Yet, inside the breezy pop of Dom, is Dom, the man, whose personal history is decidedly less carefree. He doesn’t want you to dwell on his past, but to understand Dom today, you have to excavate the skeletons hidden deep in Dom’s closet. After all, pop music is escapism; it’s a drug, a candy-coated antidote to pain. Unfortunately for Dom, pain has followed him like a shadow through life. When Dom was 8 years old, his mother gave him up for adoption. At an age where he was all-too conscious, Dom was devastated by this breach of trust and schism from his family. His siblings stayed with his mom, he was the only one to go. Unanswered questions reverberated in the back of Dom’s brain: Why him? What made Dom so different? Like so many children in foster homes, Dom bounced from family to family, searching for permanent place to call home. Acclimating to these temporary families was impossible, and when Dom was 14 he got into a serious fight with a foster brother. Dom was arrested in the school cafeteria in front of his friends.

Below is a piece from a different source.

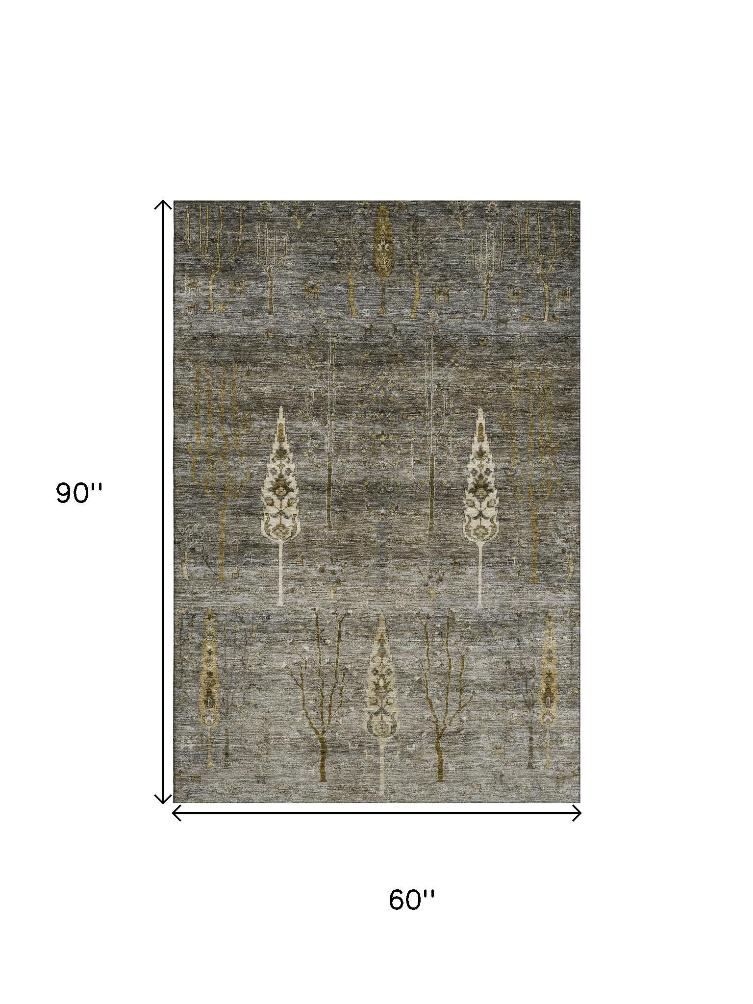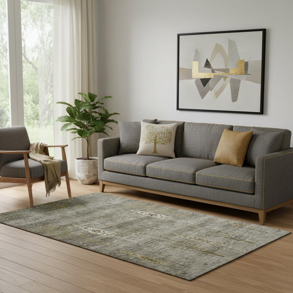 This 5-foot x 8-foot pewter and gold floral washable area rug with uv protection, is a great way to add warmth to a room. Ideal for spaces with kids and pets, this rug is stain resistant to help repel dirt and spilled liquids. Built to last, this rug crafted from polyester fibers is known for its durability and long lasting appeal. Rugs are a great way to showcase your style, hide imperfections, warm your home and reduce noise. This larger sized, transitional styled rug is ready to create a focal point or statement piece in your room. 60.00-inch h x 90.00-inch w x 0.39-inch d.

He was locked up for a few months and became subsumed in the cycle of within America’s ailing juvenile justice system.
Dislocated in life, he found a home in music. “When I was a kid my mom listened to Roy Orbison, and I remember wanting to be him. I was told I couldn’t be him. So later I had this dream that if I could be him someday, I would be somebody, and maybe my mom could see that,” Dom says. Dom’s personal troubles add a caustic irony to the feel good lyrics on Sun Bronzed Greek Gods. “It’s so sexy/ to be living in America” he sings on “Living in America.” On “Burn Bridges,” he explains, “Burn your bridges / make yourself an island / Just forgive ‘em and forget ‘em.” On Dom island, music is the cure. It’s the reason to pick up those broken pieces of your life and move on. Dom says forget that baggage, fuck the past, and rock for now.
“I’m gonna live how I want to / This is okay / I’ve been living for today.” – Dom.